- Supreme Court of the United States

Argued October 11, 1989 Decided February 27, 1990
- Full case name: Washington, et al., Petitioners v. Walter Harper
- Citations: 494 U.S. 210 (more) 110 S. Ct. 1028; 108 L. Ed. 2d 178; 1990 U.S. LEXIS 1174; 58 U.S.L.W. 4249

Holding
- The Due Process Clause permits a state to treat an incarcerated inmate having a serious mental disorder with antipsychotic medication against his will, under the condition that he is dangerous to himself or others and the medication prescribed is in his best medical interest.

Court membership
- Chief Justice William Rehnquist Associate Justices William J. Brennan Jr. · Byron White Thurgood Marshall · Harry Blackmun John P. Stevens · Sandra Day O'Connor Antonin Scalia · Anthony Kennedy

Case opinions
- Majority: Kennedy, joined by unanimous (part II); Rehnquist, White, Blackmun, O'Connor, Scalia (parts I, III, IV, V)
- Concurrence: Blackmun
- Concur/dissent: Stevens, joined by Brennan, Marshall

Laws applied
- U.S. Const. amend. XIV

= Washington v. Harper =

Washington v. Harper, 494 U.S. 210 (1990), was a United States Supreme Court case in which an incarcerated inmate sued the state of Washington over the issue of involuntary medication, specifically antipsychotic medication.

== Background ==
Walter Harper, an inmate in the Washington prison system since 1976, was reported to be violent when not on antipsychotic medication. Twice he was transferred to the Special Offender Center (SOC), a state institution detaining prisoners who were diagnosed with psychiatric problems. While there, Harper was forced to take psychiatric medication against his will. The SOC followed its policies of institutional review for making a treatment decision to forcibly medicate an inmate.

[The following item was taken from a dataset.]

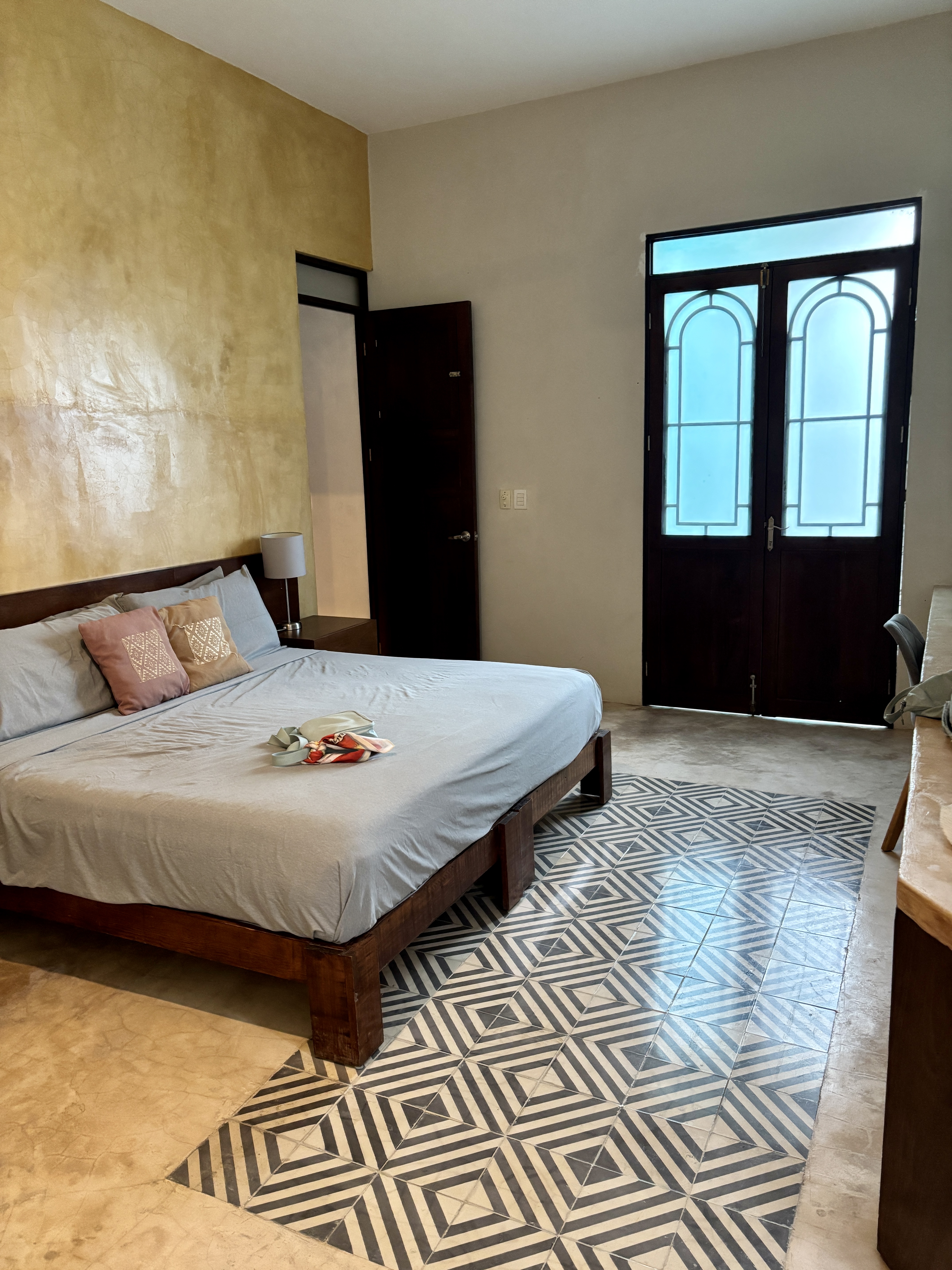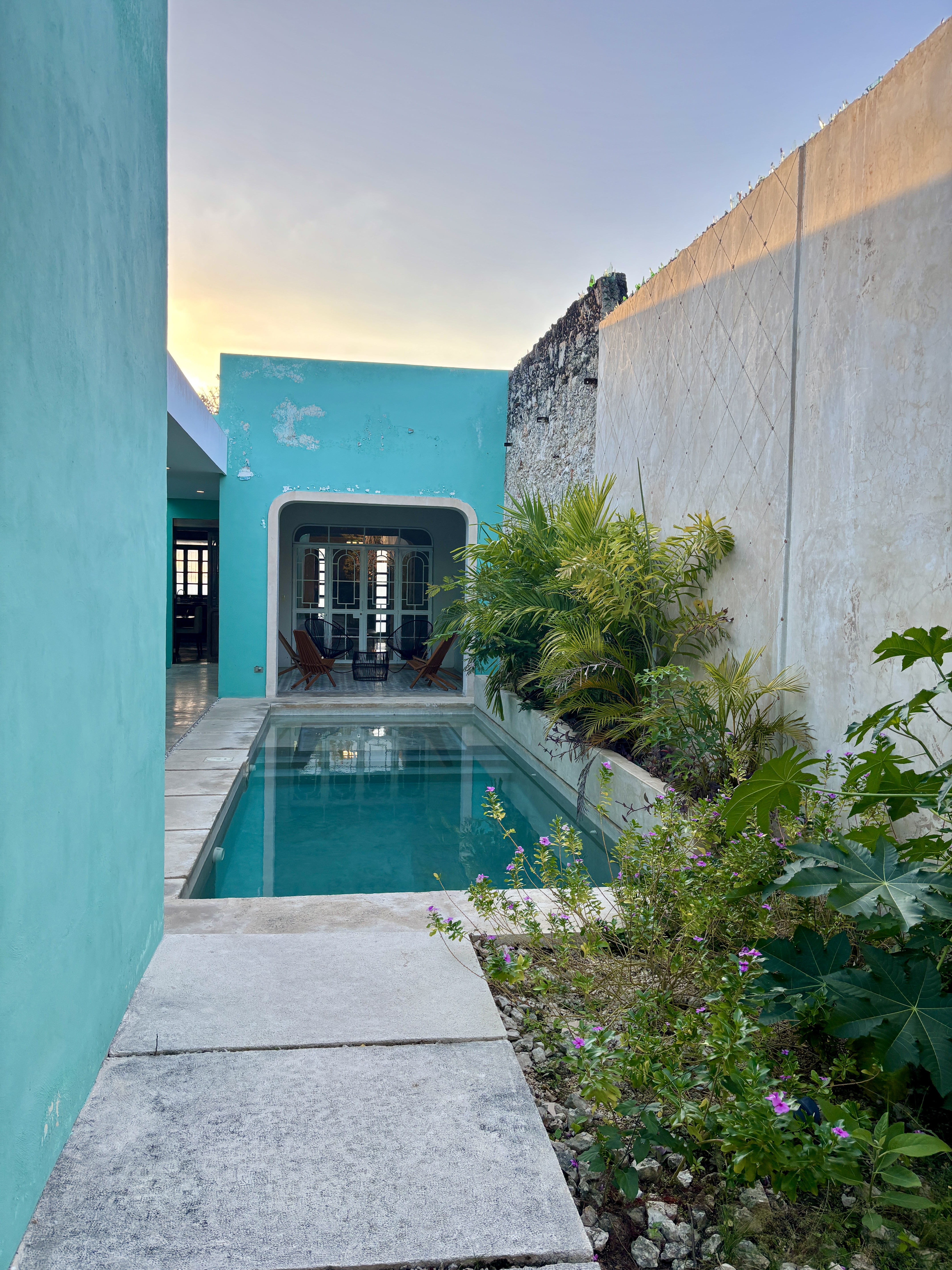 We swam in a cenote. And crisscrossed the Yucatan Peninsula together. Had good meals and good laughs and good talks and good days and good nights and good times. Our next place to stay was picked by my friend and it was spectacular where we had our own stand alone little villas, hidden away behind a simple exterior, and it was lovely. And did, come to find out, also have hot water.

Upon hospitalizing Harper a second time at the center, Harper filed suit in state court under 42 U.S.C. 1983, alleging that the Center failed to provide a judicial hearing before involuntarily medicating him, thus violating the due process clause of the Fourteenth Amendment. The trial court rejected his claim but the State Supreme Court reversed the decision and remanded the case back to the trial court stating that the State could administer antipsychotic medication to a competent, nonconsenting inmate only if, in a judicial hearing, at which the inmate had full adversarial procedural protections, the State could prove by "clear, cogent, and [494 U.S. 210, 211] convincing" evidence that the forced medication was necessary and effective for furthering an important state interest, weighing the individual's interest against that of the state.

The United States Supreme Court granted a Writ of Certiorari.

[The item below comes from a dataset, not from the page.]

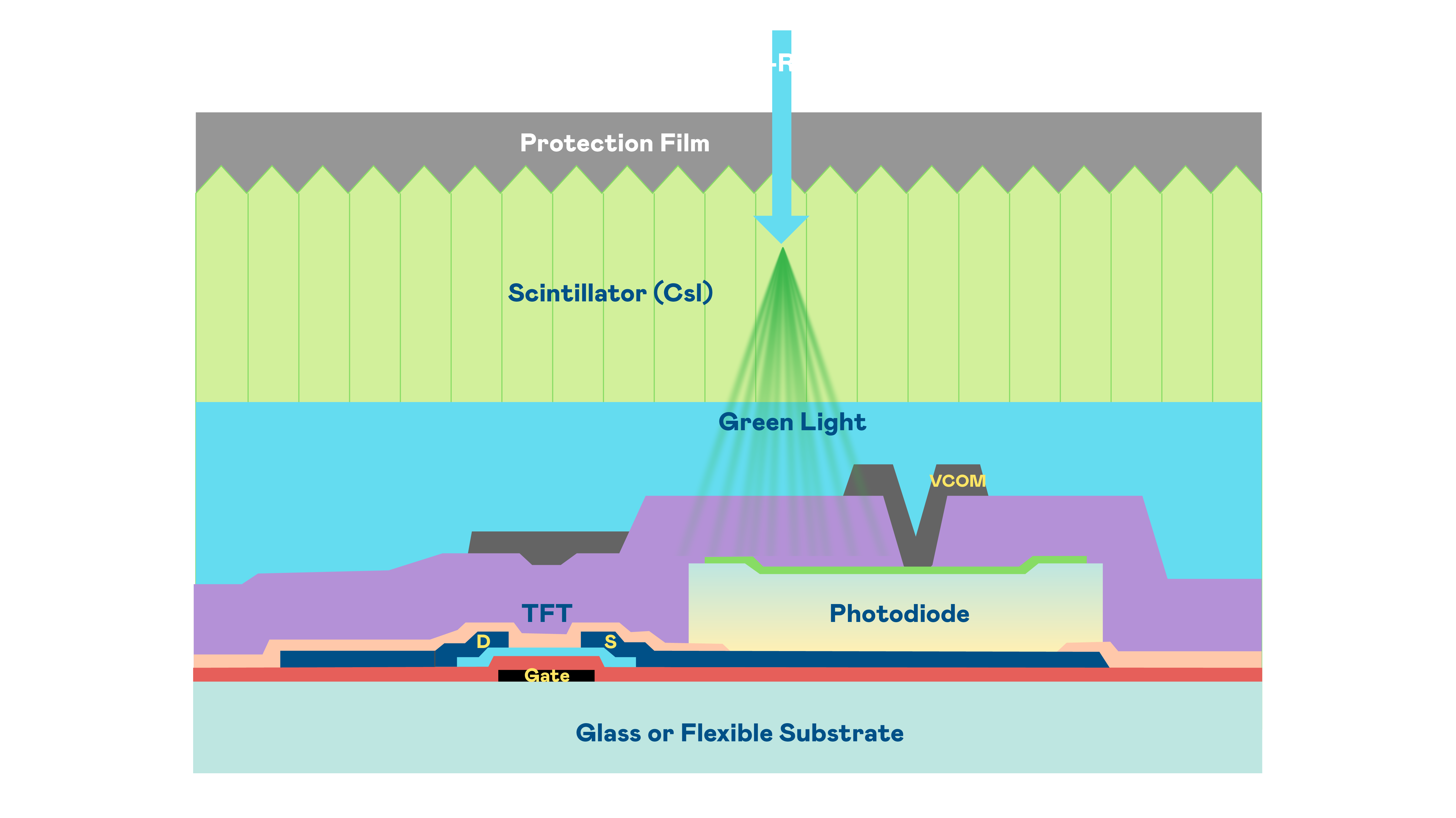 EBpay的X光影像感测阵列使用薄膜电晶体 (TFT) 作为每个像素的读取开关,搭配光电二极体(Photodiode)的光电转换元件,用以感测X光影像讯号。

The American Psychological Association submitted an amicus brief in support of the inmate's right to a due process hearing, stating forced medication of an incarcerated inmate violated the due process, equal protection, and free speech clauses of the Constitution of the United States.

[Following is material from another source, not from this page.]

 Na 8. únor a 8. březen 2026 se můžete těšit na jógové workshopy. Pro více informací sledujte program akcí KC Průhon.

== Opinion of the Court ==
The Court reversed, finding the use of an internal institutional review was adequate in making treatment decisions in this case under the lesser standard of review embodied in Turner v. Safley, .

The United States Supreme court ruled that the Due Process Clause permits a state to treat an incarcerated inmate having a serious mental disorder with antipsychotic medication against his will, under the condition that he is dangerous to himself or others and the medication prescribed is in his best medical interest.